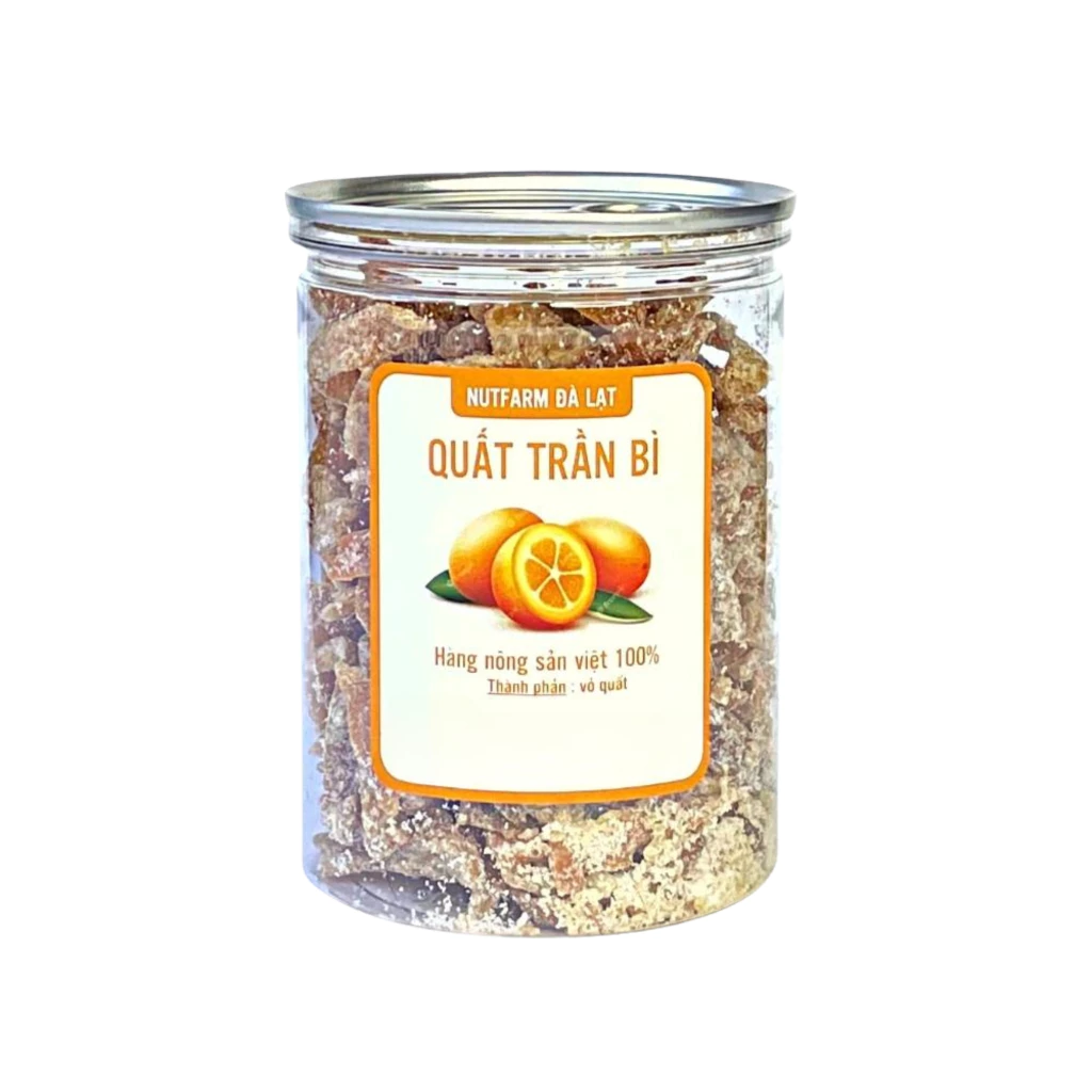 NutiFarm Dried Mandarin Peel with Sour Plum Powder, Da Lat Specialty Dried Fruit, 400g Jar
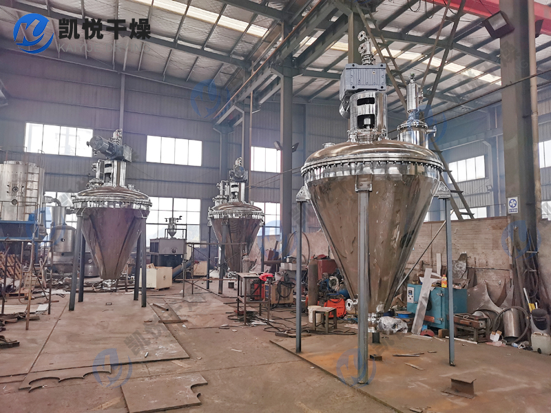 1、单锥真空干燥机工作过程为间歇批操作,湿物料进入料仓后,通过筒壁夹套和螺旋桨内部给热,使给热面积达到整个容器面积的140%,对物料进行升温干燥。并选择相应的锥型干燥混合器型号(工作容积)达到理想的干燥效果。采用上驱式结构的混合干燥机具有高效干燥、混合能力的同时,具有空间充裕,更便于使用者进行检修维护的特点。
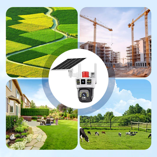 Cámara de Seguridad Solar para Exteriores | Doble Lente | Full HD 1080p | 360° | Visión Nocturna
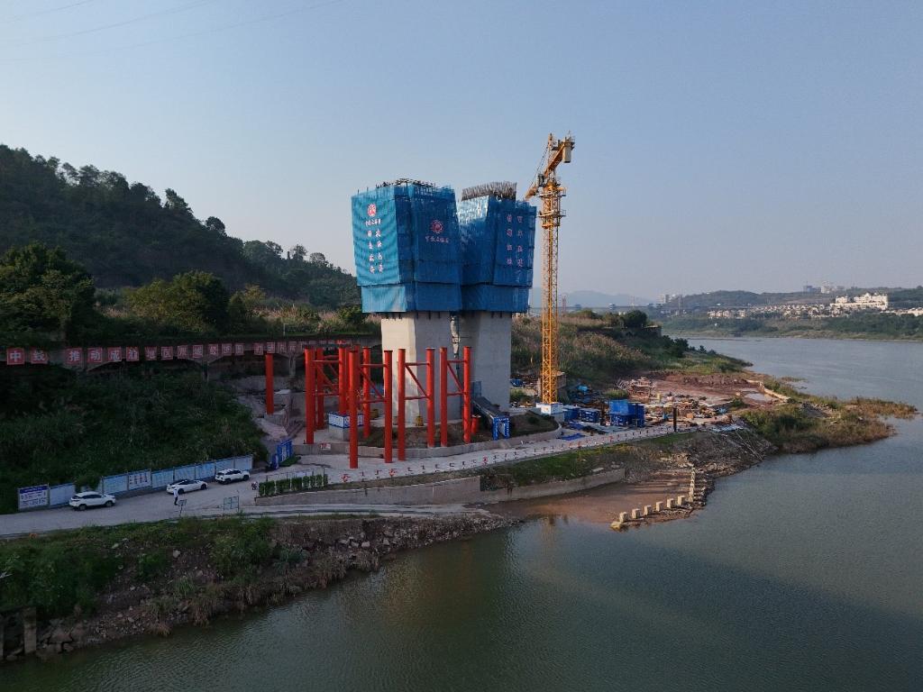 10月底,重慶沙坪壩,成渝中線高鐵井口嘉陵江特大橋建設現場,隨著最后一方混凝土澆筑,大橋兩座主墩墩身第5節全部澆筑完成?!绊椖坎靠焖偻七M大橋建設,確保全年任務順利實現?!敝需F大橋局成渝中線重慶樞紐施工1標項目總工程師李沫說。

# # #

_BRIEF:_
Copy nothing but the lines from the top of the material through the line holding "Cámara de Seguridad", exactly as written; omit pictures.

_SOLVED PROBLEM:_
 NutiFarm Dried Mandarin Peel with Sour Plum Powder, Da Lat Specialty Dried Fruit, 400g Jar
 1、单锥真空干燥机工作过程为间歇批操作,湿物料进入料仓后,通过筒壁夹套和螺旋桨内部给热,使给热面积达到整个容器面积的140%,对物料进行升温干燥。并选择相应的锥型干燥混合器型号(工作容积)达到理想的干燥效果。采用上驱式结构的混合干燥机具有高效干燥、混合能力的同时,具有空间充裕,更便于使用者进行检修维护的特点。
 Cámara de Seguridad Solar para Exteriores | Doble Lente | Full HD 1080p | 360° | Visión Nocturna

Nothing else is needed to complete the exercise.